Transcribe every entry exactly; the images stay out.

- Recorded data:

"""

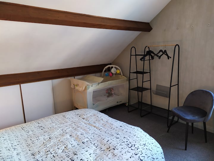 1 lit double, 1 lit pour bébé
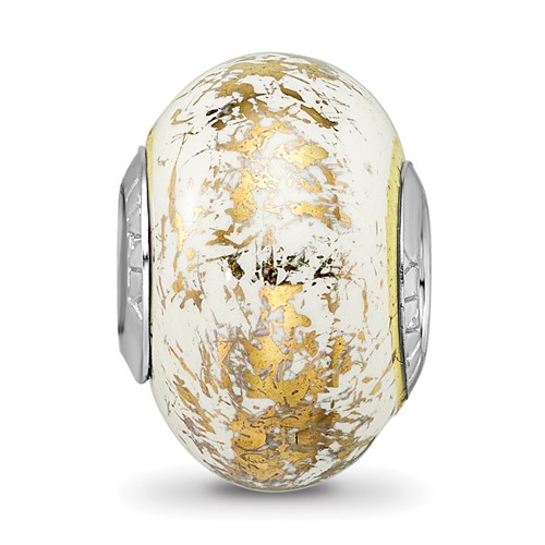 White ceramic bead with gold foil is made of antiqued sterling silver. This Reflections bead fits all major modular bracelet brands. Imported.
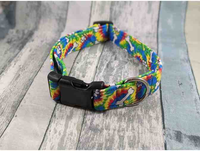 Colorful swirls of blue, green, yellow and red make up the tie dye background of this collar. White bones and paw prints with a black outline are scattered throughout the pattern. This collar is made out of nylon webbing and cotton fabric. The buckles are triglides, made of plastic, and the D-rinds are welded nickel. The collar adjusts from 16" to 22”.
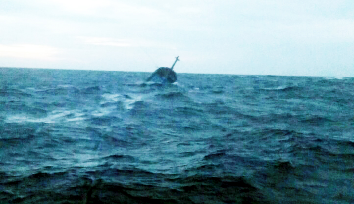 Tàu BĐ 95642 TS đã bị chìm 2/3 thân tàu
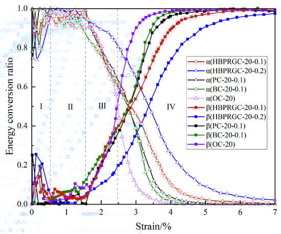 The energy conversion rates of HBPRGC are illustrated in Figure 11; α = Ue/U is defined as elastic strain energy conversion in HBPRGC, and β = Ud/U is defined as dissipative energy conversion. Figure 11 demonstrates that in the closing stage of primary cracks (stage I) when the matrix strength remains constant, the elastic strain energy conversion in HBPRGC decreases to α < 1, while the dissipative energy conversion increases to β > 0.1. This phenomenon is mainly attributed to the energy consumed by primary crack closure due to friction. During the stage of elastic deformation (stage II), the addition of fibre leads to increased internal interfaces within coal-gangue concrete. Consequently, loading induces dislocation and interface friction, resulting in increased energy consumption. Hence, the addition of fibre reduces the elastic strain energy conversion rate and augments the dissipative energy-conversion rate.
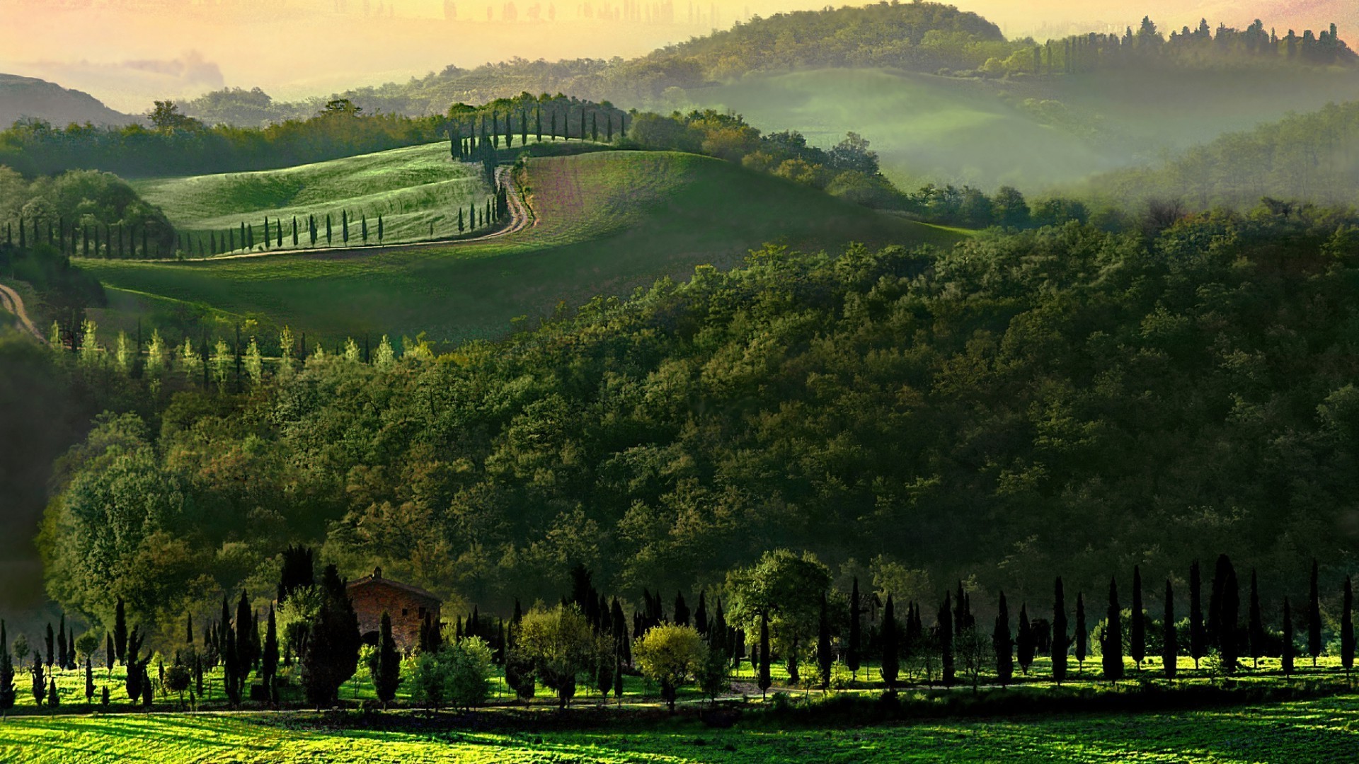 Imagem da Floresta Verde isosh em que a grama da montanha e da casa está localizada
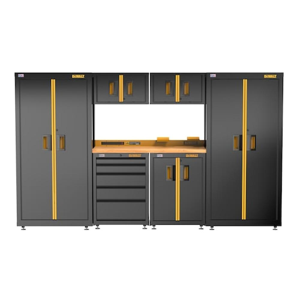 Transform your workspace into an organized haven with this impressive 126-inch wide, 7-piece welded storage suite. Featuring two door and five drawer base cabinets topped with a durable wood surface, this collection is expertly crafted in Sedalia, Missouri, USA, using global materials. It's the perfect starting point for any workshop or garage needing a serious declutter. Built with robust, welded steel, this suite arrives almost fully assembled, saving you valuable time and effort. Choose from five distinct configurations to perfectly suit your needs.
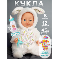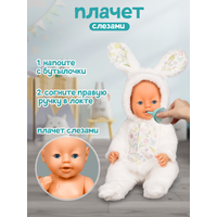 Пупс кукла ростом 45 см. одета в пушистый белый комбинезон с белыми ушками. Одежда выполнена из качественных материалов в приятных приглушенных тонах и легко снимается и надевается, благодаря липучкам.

"""

- Task result:
 1 lit double, 1 lit pour bébé
 White ceramic bead with gold foil is made of antiqued sterling silver. This Reflections bead fits all major modular bracelet brands. Imported.
 Colorful swirls of blue, green, yellow and red make up the tie dye background of this collar. White bones and paw prints with a black outline are scattered throughout the pattern. This collar is made out of nylon webbing and cotton fabric. The buckles are triglides, made of plastic, and the D-rinds are welded nickel. The collar adjusts from 16" to 22”.
 Tàu BĐ 95642 TS đã bị chìm 2/3 thân tàu
 The energy conversion rates of HBPRGC are illustrated in Figure 11; α = Ue/U is defined as elastic strain energy conversion in HBPRGC, and β = Ud/U is defined as dissipative energy conversion. Figure 11 demonstrates that in the closing stage of primary cracks (stage I) when the matrix strength remains constant, the elastic strain energy conversion in HBPRGC decreases to α < 1, while the dissipative energy conversion increases to β > 0.1. This phenomenon is mainly attributed to the energy consumed by primary crack closure due to friction. During the stage of elastic deformation (stage II), the addition of fibre leads to increased internal interfaces within coal-gangue concrete. Consequently, loading induces dislocation and interface friction, resulting in increased energy consumption. Hence, the addition of fibre reduces the elastic strain energy conversion rate and augments the dissipative energy-conversion rate.
 Imagem da Floresta Verde isosh em que a grama da montanha e da casa está localizada
 Transform your workspace into an organized haven with this impressive 126-inch wide, 7-piece welded storage suite. Featuring two door and five drawer base cabinets topped with a durable wood surface, this collection is expertly crafted in Sedalia, Missouri, USA, using global materials. It's the perfect starting point for any workshop or garage needing a serious declutter. Built with robust, welded steel, this suite arrives almost fully assembled, saving you valuable time and effort. Choose from five distinct configurations to perfectly suit your needs.
 Пупс кукла ростом 45 см. одета в пушистый белый комбинезон с белыми ушками. Одежда выполнена из качественных материалов в приятных приглушенных тонах и легко снимается и надевается, благодаря липучкам.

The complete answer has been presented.